- **Dataset excerpt**
▼

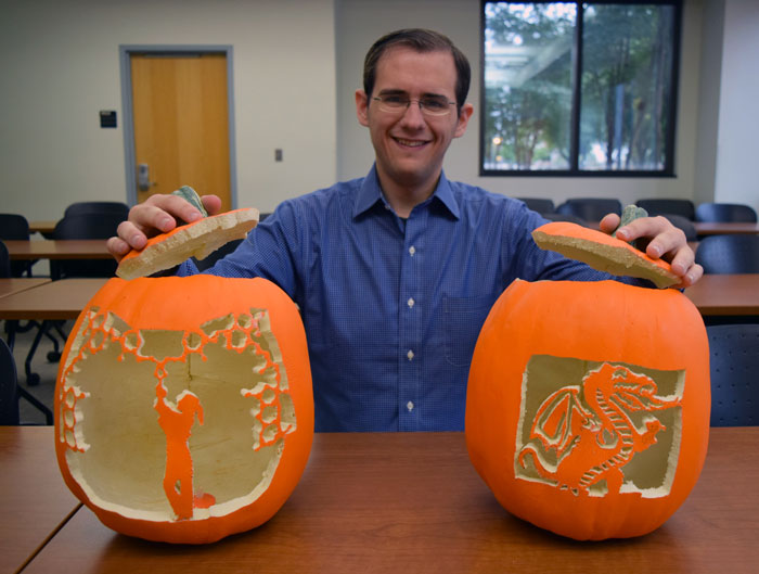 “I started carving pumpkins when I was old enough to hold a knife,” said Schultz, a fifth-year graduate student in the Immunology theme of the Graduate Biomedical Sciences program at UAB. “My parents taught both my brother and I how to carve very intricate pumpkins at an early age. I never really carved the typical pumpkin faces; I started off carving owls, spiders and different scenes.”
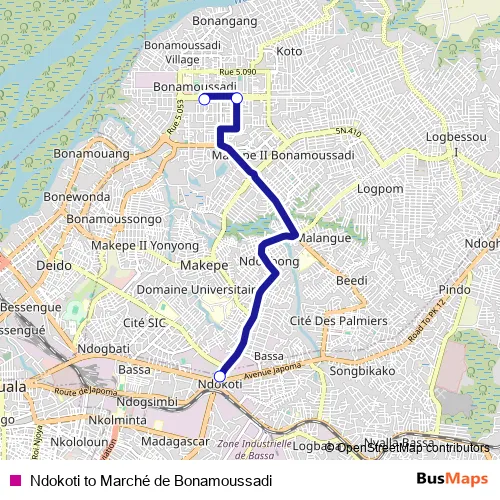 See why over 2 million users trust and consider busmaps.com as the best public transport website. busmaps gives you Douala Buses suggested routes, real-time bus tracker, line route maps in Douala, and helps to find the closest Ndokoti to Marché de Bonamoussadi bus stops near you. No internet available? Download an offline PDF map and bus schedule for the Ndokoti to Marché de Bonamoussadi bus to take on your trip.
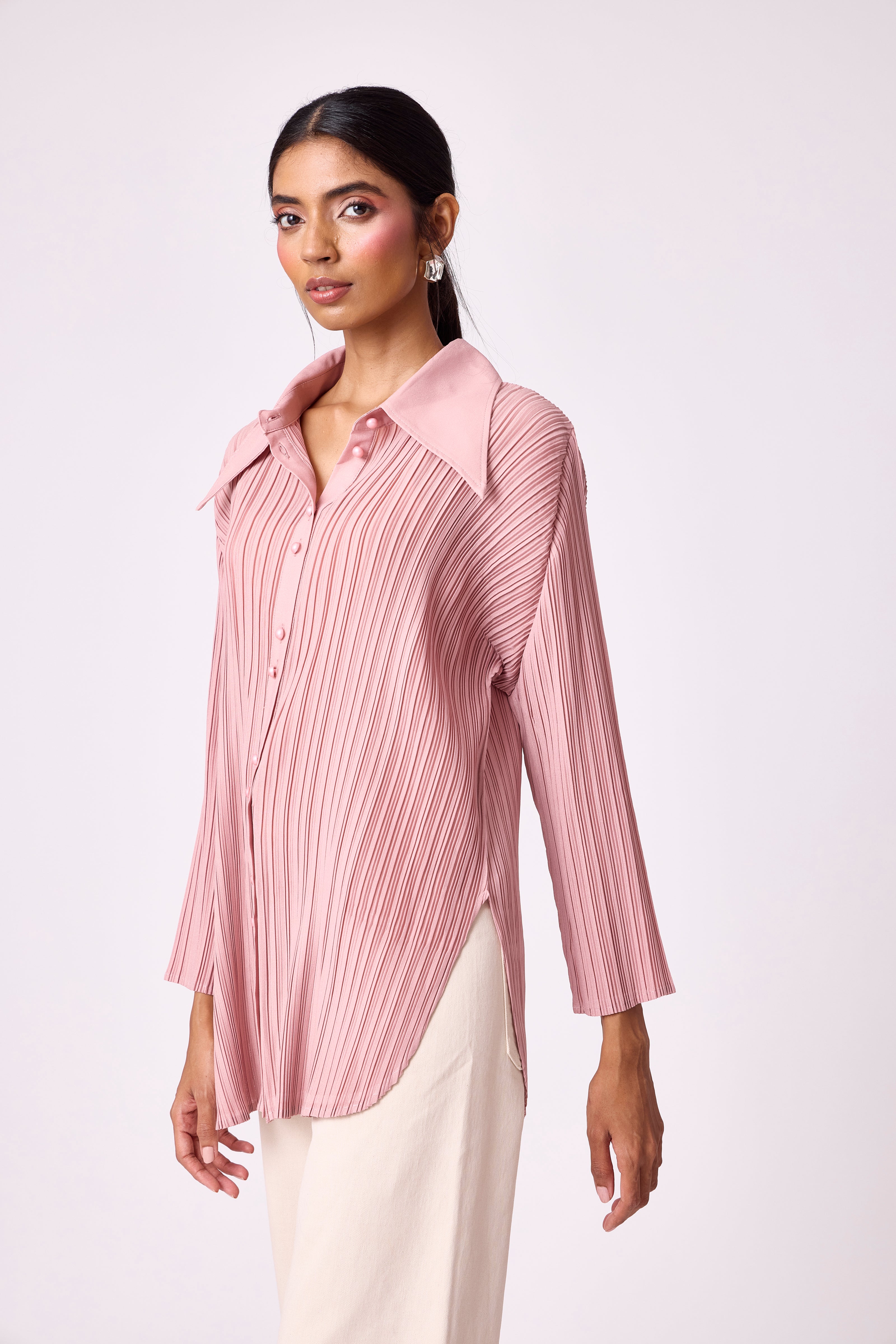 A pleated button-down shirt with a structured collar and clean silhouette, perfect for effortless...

▲

- **Task to complete**
Except for the pictures, give all the material above again verbatim.

- **Response area**
 “I started carving pumpkins when I was old enough to hold a knife,” said Schultz, a fifth-year graduate student in the Immunology theme of the Graduate Biomedical Sciences program at UAB. “My parents taught both my brother and I how to carve very intricate pumpkins at an early age. I never really carved the typical pumpkin faces; I started off carving owls, spiders and different scenes.”
 See why over 2 million users trust and consider busmaps.com as the best public transport website. busmaps gives you Douala Buses suggested routes, real-time bus tracker, line route maps in Douala, and helps to find the closest Ndokoti to Marché de Bonamoussadi bus stops near you. No internet available? Download an offline PDF map and bus schedule for the Ndokoti to Marché de Bonamoussadi bus to take on your trip.
 A pleated button-down shirt with a structured collar and clean silhouette, perfect for effortless...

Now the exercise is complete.